After so many years of dealing with atheists like this correspondent, my considered thought was, Say what???? Honest and heartfelt? Not in the least. Such critiques are rather used by atheists to invoke guilt trips in Christians, based on the premise of personal testimony as a validation of truth. Is that the criterion the atheist actually uses to decide truth? If it were, then what would happen if the next week, the Freethinker Youth came to the DQ and burned the place down? Would this atheist have then decided that atheism was false? More to the point, if behavior is the measure, then how about we weigh in with the Christian record of charity – admittedly balanced to some extent by things like the Inquisition (though these too are often overplayed), but still no match for the death record of atheism, ranging from the Reign of Terror to Stalin to Pol Pot? For Spencer to say that this atheist “cared enough to tell me that my credibility as a Christian was zero”  is ironically tragic.

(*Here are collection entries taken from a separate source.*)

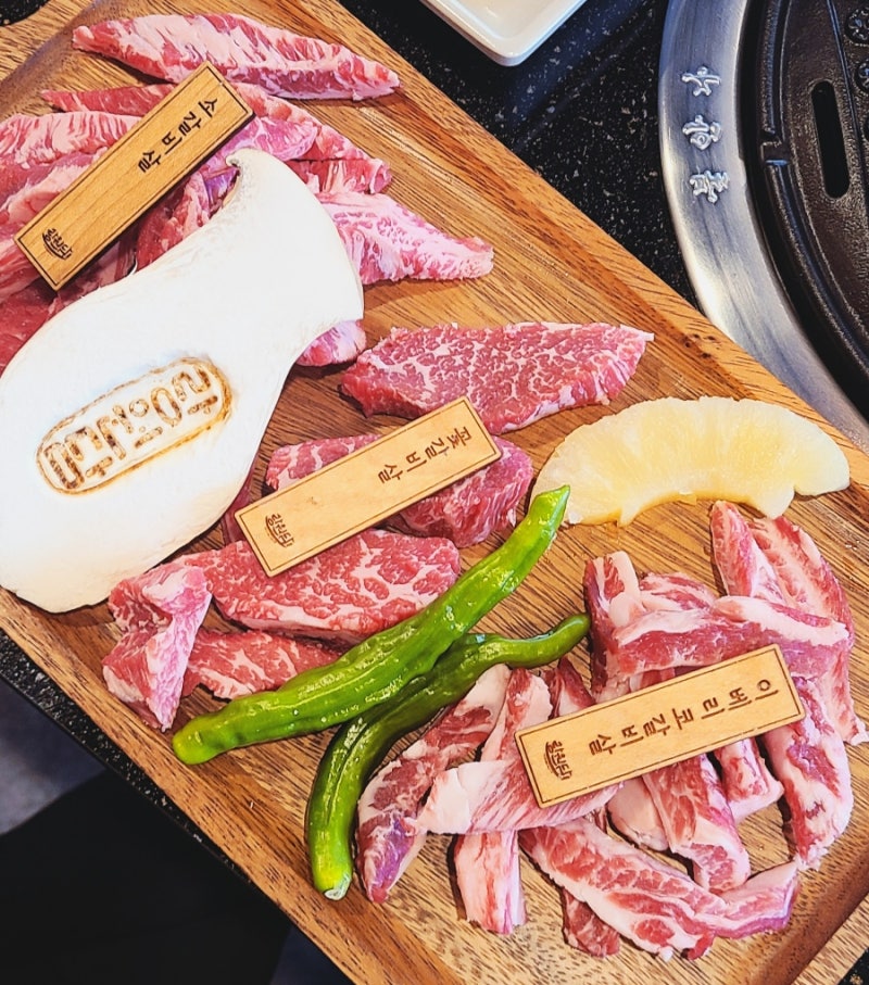드디어 고기가 나옵니다. 알록달록한 색감부터 먹음직스러워 보이는 우이동 고깃집 랑원담의 담 세트입니다. 소갈비살 200g + 꽃갈비살 120g + 황금살치살 120g + 부채살 200g이 고기 도마 위에 아름답게 놓여있습니다.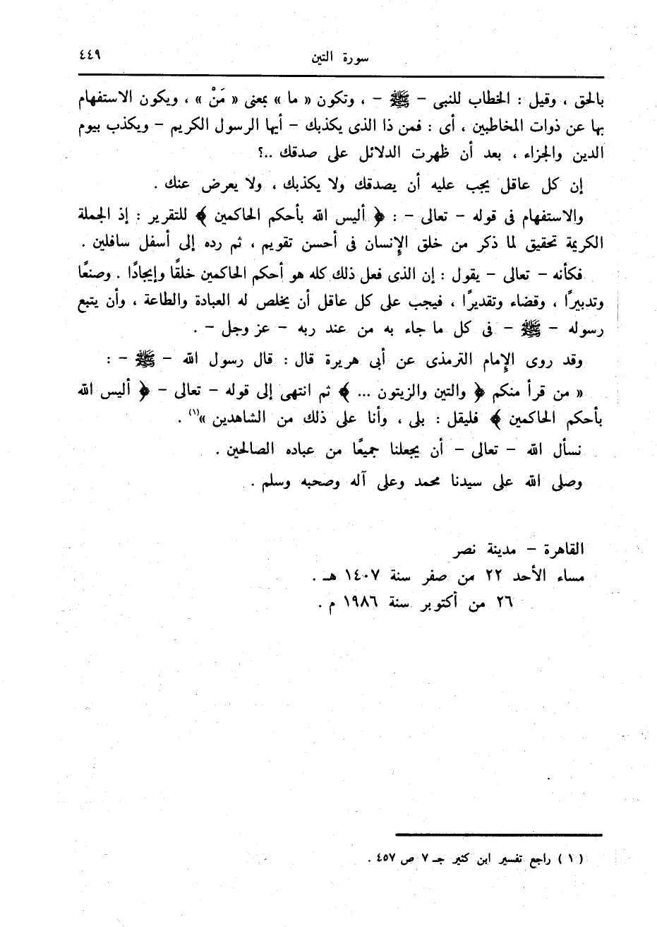 «من قرأ منكم وَالتِّينِ وَالزَّيْتُونِ ... ثم انتهى إلى قوله- تعالى- أَلَيْسَ اللَّهُ بِأَحْكَمِ الْحاكِمِينَ فليقل: بلى، وأنا على ذلك من الشاهدين» «1» .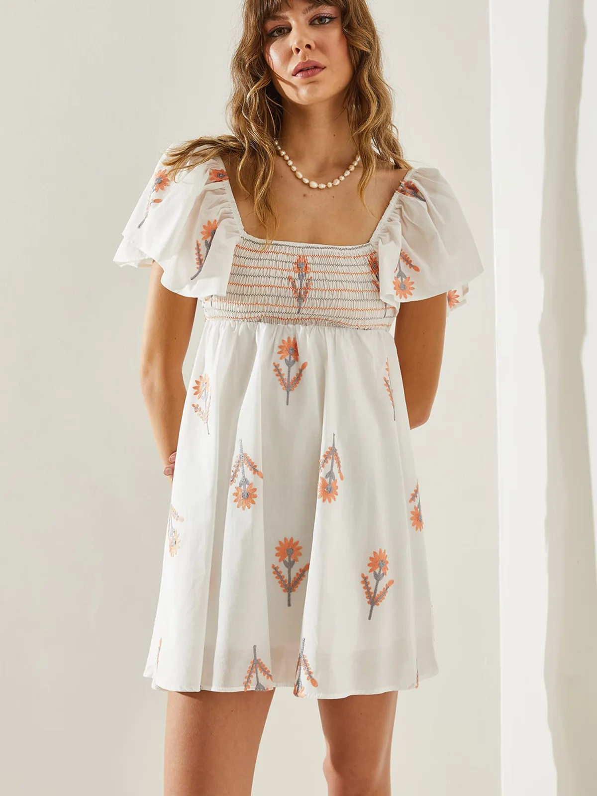 Design: Gevoerde zoom/rand, Pofmouwen, Om te knopen/binden, Elastische inzetstukken, Uitgesneden rug; Materiaal: Katoen; Halstype: Carréhals; Motief: Bloemenprint; Details: Borduursels, Gedrapeerd, Backless; Extra's: All-over patroon, Voelt zacht aan; Lengte: Kort/mini; Snit: Uitlopend; Pasvorm: Normale pasvorm; Armlengte: Kwartmouw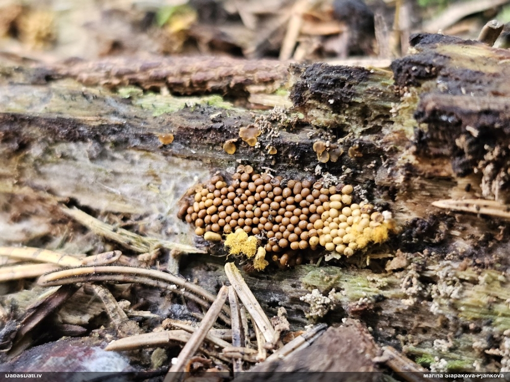 Šobrīd divas versijas - Physarum psittacinum un P.braunianum. Bez paraudziņa te skaidrīzā netiks, bet biotops interesants

Spencer says that he had “respect” from that atheist, but that is the last thing the atheist deserved for their performance. It was manipulative and dishonest, and sadly, accomplished with Spencer exactly the purpose intended.
For the same reasons, I don’t buy P, Cygni’s carping about the flower-arranging committee and such as worthy of serious consideration. Oh yes, it’s all stuff that should not have been done. But the simple fact is that whether or not Jane is on the flower committee doesn’t have a lick to do with whether a man rose from the dead in first century Palestine. All it means is that someone doesn’t appreciate what it implies – someones on either side, actually.
So now we have finished the roster of apostates, and what can we conclude? We have seen bad arguments galore, emotional diatribes, and all manner of petty excuses. In years of dealing with such people, I have to say that I have yet to encounter one whose apostasy was purely rational (though they have claimed that it is). Loftus’ survey sure didn’t bring any to the fore, either.